La nouvelle coalition de l’opposition entre interrogations et suspicions

03/09/2021
La nouvelle coalition de l’opposition entre interrogations et suspicions


"Nous prenons solennellement l’engagement devant le peuple sénégalais de mettre en place la coalition de l’opposition Yewwi Askan Wi (Libérer le peuple) en perspective des élections locales du 23 janvier 2022, des élections législatives de juillet 2022 et enfin de l’élection présidentielle de 2024", le pacte a été ainsi scellé, jeudi 2 septembre 2021, entre les différents leaders de l’opposition qui sont regroupés autour d’une vaste coalition dénommée Yewwi Askan Wi (Libérer le peuple) en vue des prochaines joutes électorales.

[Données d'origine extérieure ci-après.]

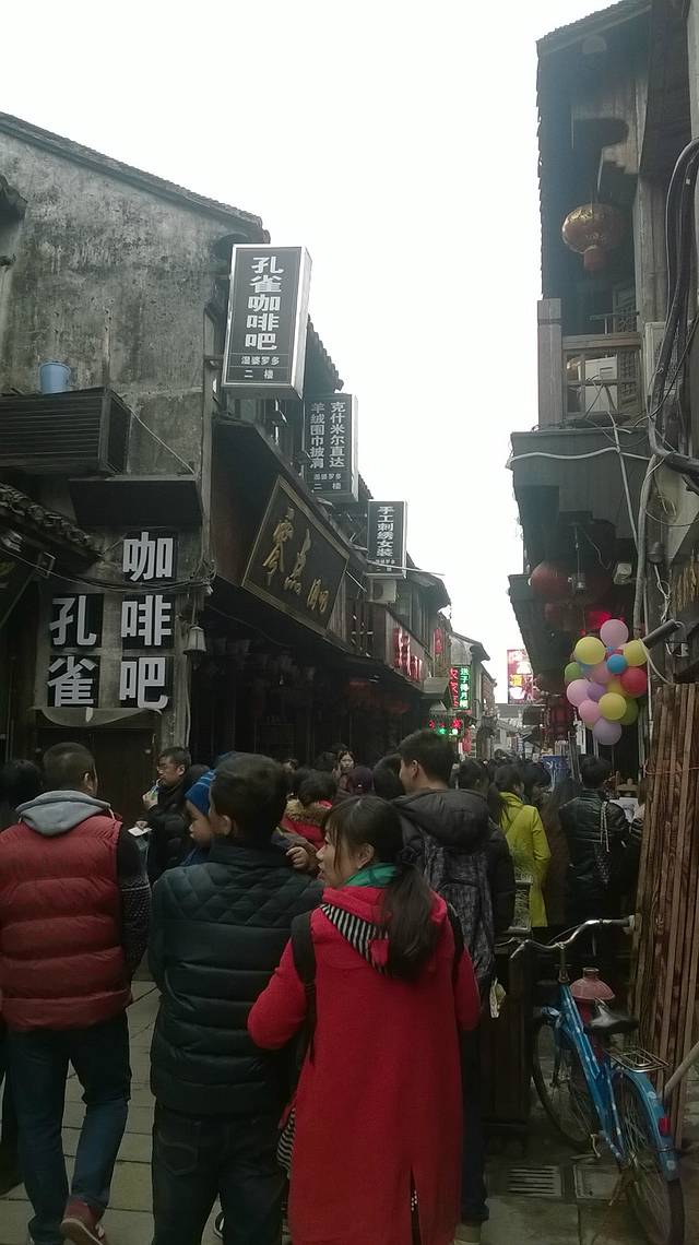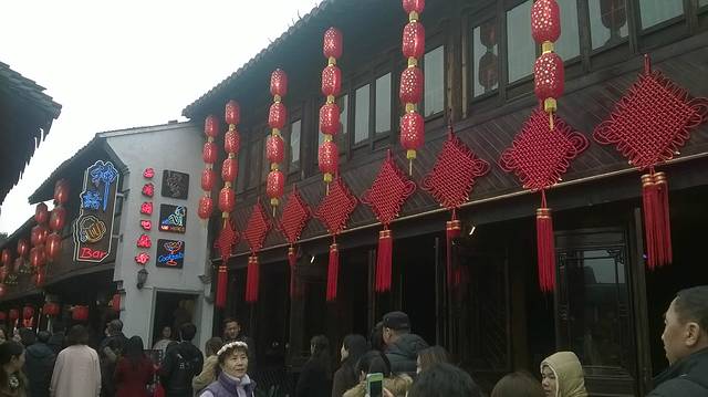 没想到江南小镇人如此之多。西塘与周庄相似很多,江南古镇都一样的,小桥,流水和人家,水上桥桥下水,水绕镇镇围水,船在水中,屋在水上,桥连街街依桥,融为一体。区别在于烟雨长廊,河面宽广与现代文化气氛浓厚。西塘的热闹在塘东街,西街与烟雨长廊和另外原住民特有风格。塘东洒巴街由于一盏明珠照耀,现代文化气息特浓特范,灯红酒绿,任性自我,突出古镇都市化氛围,营造浪漫与热烈,古典与现代,古镇与都市有机接合,意味十足;烟雨长廊为了避雨修建的,构成美丽风景线,环河四 周,也促成雨中漫游西塘,看丝丝雨点击打河面泛起,静静思索的场面,周庄也有因失火消失了,这就是独特无一的;河面宽广给人一种大而广感觉,思绪更敏锐,这就是不同。清晨西塘也是宁静和深远的,远远看去如醉如痴,出客栈左手边就是双桥,比周庄更大些,只是没有故乡的回忆让它飞翔起来的,藏在梦中更奇特,右手边行走就是送子来凤桥。烟雨长廊沿河一圈,环秀桥高处可见,的确不可小瞧,两旁商品各色各样,应有尽有,特色商品多如牛毛,有钱没有不会花的。环镇一圏网传2小时太虚了,实际4小时以上,才能体会她的含意,不亚于周庄,虽小也需要感受,各个景点看看蛮有特点,不似网传,定下来可以慢慢享受,只因时间不够,倒愿意享受,再见了西塘,有幸再来看。下午近5点汽车,返回苏州也是夜幕降临,苏州环高架很漂亮,只可惜没照几张照片,下车直驭地铁2号转1号到金鸡湖看夜景,有人说美也美,美景在心中,处处都美,大都市也是这样了,建筑风格和灯光的照耀形成视觉器官美感,倒是水才是生命之源。 凤凰街因年节关系夜幕下冷清,也挡不住外地人探访和本地人光临,商街零零碎碎开了几家,吃货挺多,骆驿不决,我们吃货东北菜,最后离苏州的晚餐。十全街和凤凰街成十字型,故名十全十美,呼唉也。

Selon la Charte qui régit cette union, "la coalition a pris l’engagement de présenter une liste unique dans chaque commune ville et département du Sénégal pour les élections locales du 23 janvier 2022". Aussi s’engage-t-elle de mettre tout en œuvre pour remporter ces élections locales et d’ériger les collectivités locales en de "véritables pôles de développement local au service des populations".

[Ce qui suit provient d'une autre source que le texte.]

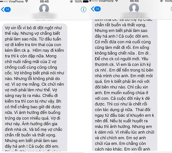 Theo chị T., thời điểm M. báo tin cho chồng biết thai lưu và đã bỏ thai thì cái thai thực ra đã bị lưu từ khoảng 2 tuần trước và M. đã lặng lẽ nhờ y học can thiệp để bỏ con.
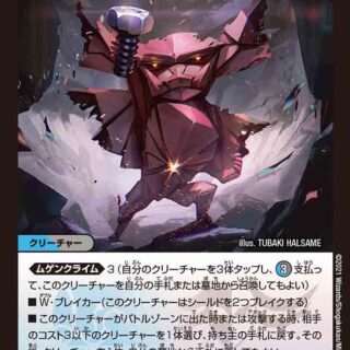W・ブレイカー(このクリーチャーはシールドを2つブレイクする)このクリーチャーがバトルゾーンに出た時、自分のシールドを1つ相手に選ばせ、手札に加える。(その「S・トリガー」を使ってもよい)
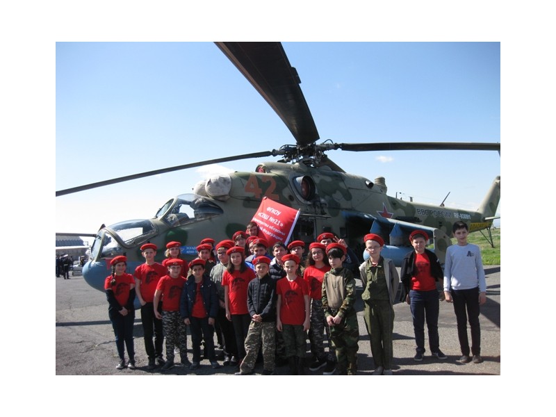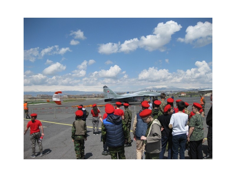11 апреля юнармейцы школы посетили авиабазу «Эребуни», где был показан воздушный бой с принуждением противника совершить посадку на аэродроме «Эребуни». Были показаны фигуры высшего пилотажа, а также организован смотр военной техники и вооружений.

S’agissant des élections législatives, Yewwi Askan Wi s’engage de poursuivre la "dynamique unitaire afin de redorer l’image de l’Assemblée nationale en restaurant ses véritables fonctions de législateur, de contrôleur de l’action du gouvernement et d’évaluateur des politiques publiques". Ousmane Sonko, Khalifa Sall entre autres leaders de partis ou mouvements se sont engagés à restaurer l’Etat de droit et les libertés démocratiques en "abrogeant toutes les lois liberticides et anti démocratiques visant à confisquer la volonté populaire".

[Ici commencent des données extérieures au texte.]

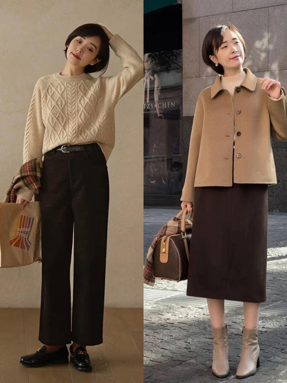 比如博主小娇用杏衫配深色直筒西裤与深棕色长裙,温柔衬肤,又层次分明!
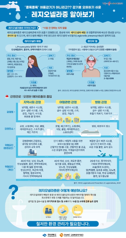 레지오넬라증은 레지오넬라균에 의해 발병하는 제3급 호흡기 감염병으로 냉방병 혹은 인플루엔자와 비슷하게 발열, 오한, 두통, 기침 등이 주 증상이며 대증요법, 항생제 등으로 치료가 가능하지만 만성폐질환자, 흡연자, 면역저하자 등이 레지오넬라균에 감염 될 경우 치명률이 급격히 상승할 수 있으므로 주의와 예방이 필요하다.
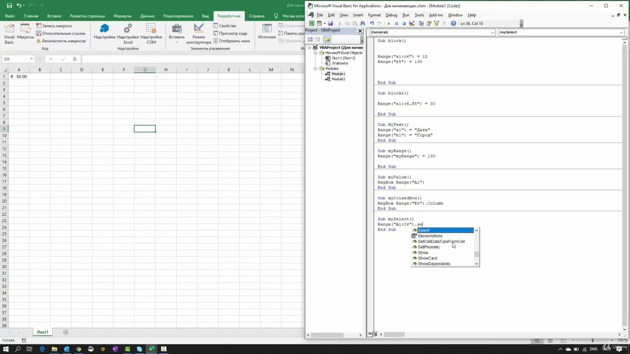 Свойство Range Select. Свойства диапазона. Программирование макросов в Excel.

Nouvelle coalition, déjà des interrogations

Si une vingtaine de partis et mouvements politiques ont signé la charte de la grande coalition Yewwi Askan Wi, beaucoup se sont démarqués à l’image du Parti démocratique sénégalais d’Abdoulaye Wade. Dans un communiqué, le PDS, a déploré "plusieurs jeux dans l’ombre ainsi que des subterfuges (…) qui plombent toute initiative de cette nature".

De son côté, Mamadou Diop Decroix, leader du parti AJ PADS, a décliné l’invitation des initiateurs de la coalition. "Nous avons connu la déconvenue de 2017 à la veille des élections législatives.  Nous étions partis pour une grande coalition et jusqu’à aujourd’hui, l’opposition n’a pas fait l’évaluation de cet échec", a regretté Diop Decroix.

Cette coalition "pouvait faire extrêmement mal" avec l’adhésion du PDS, confie le journaliste et analyste politique, Ibrahima Bakhoum à DakarActu. C’est une coalition incarnée par des responsables très visibles, ajoute-t-il. "On peut être visible sans avoir un appareil derrière soi, c'est le cas de Bougane (leader du mouvement Geum Sa Bopp) qui a rejoint par la suite, il a une visibilité, a les moyens, il fait un travail de proximité. Associé à Ousmane Sonko qui a déjà fini de se positionner au plan national, le PUR avec son expérience et ses bases affectives. Si vous ajoutez le Pds, ça pouvait faire très mal", a dit Ibrahima Bakhoum.